Please note that these ratings solely represent the complete review's biased interpretation and subjective opinion of the actual reviews and do not claim to accurately reflect or represent the views of the reviewers. Similarly the illustrative quotes chosen here are merely those the complete review subjectively believes represent the tenor and judgment of the review as a whole. We acknowledge (and remind and warn you) that they may, in fact, be entirely unrepresentative of the actual reviews by any other measure.

- Return to top of the page -



The complete review's Review:

       The Informers is narrated by Gabriel Santoro, who shares his father's name. Several years earlier, in 1988, the younger Santoro had published a book called A Life in Exile, about the life of a Jewish woman -- a family friend -- who had come to Colombia from Germany as a girl before World War II. The elder Santoro did not take well to the book:

This book is an attack on me, no more, no less, an attempted homicide.
       That wasn't what the son intended -- and for years he wasn't sure why his father reacted so strongly to the book. And the reaction was not simply quiet, seething outrage; instead, the elder Santoro published a vicious review of the book -- and so:
On its own merits, A Life in Exile would have gone unnoticed; my father -- or rather his disproportionate, impetuous, unthinking reaction -- took care of putting the book center stage and focusing all spotlights on it.
       In 1991 father and son are more or less reconciled after the father undergoes a heart operation and turns to his son again, after three years they had spent at a distance.

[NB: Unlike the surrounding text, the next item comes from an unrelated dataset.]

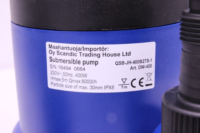 Tuote ei täytä kotelointiluokan IPX8 (upotus) vaatimuksia. Tuote ei täytä sähköturvallisuuslain (1135/2016) eikä tuotetta koskevan eurooppalaisen harmonisoidun standardin EN 60335 vaatimuksia.

The son felt betrayed by the father's overreaction -- but the father felt betrayed by the book, and it is this betrayal (and what his father is hiding of his past and feels so tremendously guilty about) that the son slowly comes to understand, and that makes up this book, The Informers.
       (Vásquez nests betraying book inside betraying book: an eighty-page postscript describes the reactions to this second book, The Informers, which is, of course, also seen as a betrayal .....)
       Colombia was allied with the United States during World War II, and the Americans pressured the Colombians to clamp down on the local German population. Other vested interests gleefully joined in as Germans were blacklisted, forced to move from coastal areas, and detained. Among the Germans was Konrad Deresser, who wound up an apparent suicide. As, however, becomes clear, the elder Santoro's conduct during this time was not entirely honorable -- and his son's book threatens (so he thinks) to bring all that into the open:
The whole book seemed like a giant trail leading to him, pointing at him. Every time the Hotel Sabaneta is mentioned, he felt incriminated, discovered. Every time the blacklists are discussed in the book, lives damaged or simply affected by the lists, he felt the same.
       Yet the father's final fall comes from yet another betrayal -- a figurative fall that follows a literal (and fatal) fall:
If it was about revising his history, my father -- my revisionist father -- had achieved it with success. But then, he'd committed the error that we all perhaps commit: telling secrets after sex.
       Vásquez ties himself in a few knots with his layers of betrayals -- made all the more obvious with his choice of narrator, as the younger Santoro remains a slippery fellow who offers some documentary evidence (the father's review, obituary, speech) but also some recreated dialogue (in Q & A form) and relies a great deal on hearsay. Structurally the novel is more complex than need be (and/or Vásquez is not quite in adequate enough command of his material to construct his novel as he does). There is some fine writing here, but the betrayals are also not nearly as dramatic as Vásquez tries to build them up as being, which flattens much of the narrative.
       There are obvious similarities between present-day Colombia and the historical wrongs Vásquez addresses, but the most successful part of the novel is the father-son relationship, leaving history, for the most part, aside.
       At one point the father complains:
Later in books we see the important things. But by the time we see them it is already too late. That's the trouble, Gabriel, forgive my frankness, but that's the fucking trouble with books.
       That's also a major part of the trouble of this book, as in The Informers Vásquez tries far too hard to make that point (rather than just letting the story and the telling make the point for him).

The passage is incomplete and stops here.